A post shared by K9sOverCoffee 🐕☕️ (@k9sovercoffee) on

So How Do I Teach Doggie Pushups?

As Missy & Buzz just demonstrated, doggie pushups are a back and forth motion between a “sit” and a “down” position.

So it’s easy to teach if your dog already knows those two commands. 

Simply tell him to “sit” and then to “lie down”.

Repeat that motion several times – that’s it!

I typically ask the pups for 3-5 reps in one session and reward them with a tasty treat at the end of the exercise. 

I Use Food Rewards

Use whatever (food) reward works best for your pup.

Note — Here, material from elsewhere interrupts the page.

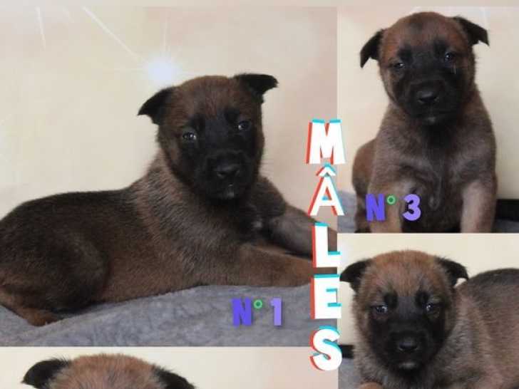 Nous proposons à la réservation cinq chiots fauves dont une femelle et quatre mâles Berger Belge Malinois inscrits dans le Livre des Origines Français (LOF), disponibles à partir du 4 mars, ces petits sont proposés à 800 euros chacun.

I love using single-ingredient dog treats that don’t contain any crap like artificial colors or preservatives, but that’s just my personal preference. 

Plus, I’m a raw feeder, so the treats I use for the pups reflect their diet.

Side note: If your dog is more motivated by a favorite toy or TLC rewards from you, then use that!

Whatever motivates your dog to work is fine.

Sometimes, I reward with a small, bite-size treat.

Other times, I give more of a jackpot style treat like a dehydrated duck neck

The size of the treat really doesn’t matter to the pups, but I like to keep them guessing at what Mommy will dish out next to keep it interesting and worth working for.

K9sOverCoffee | How I Taught The Rollover Trick - High Value Treats
Raw boost mixers. Works as treats, too.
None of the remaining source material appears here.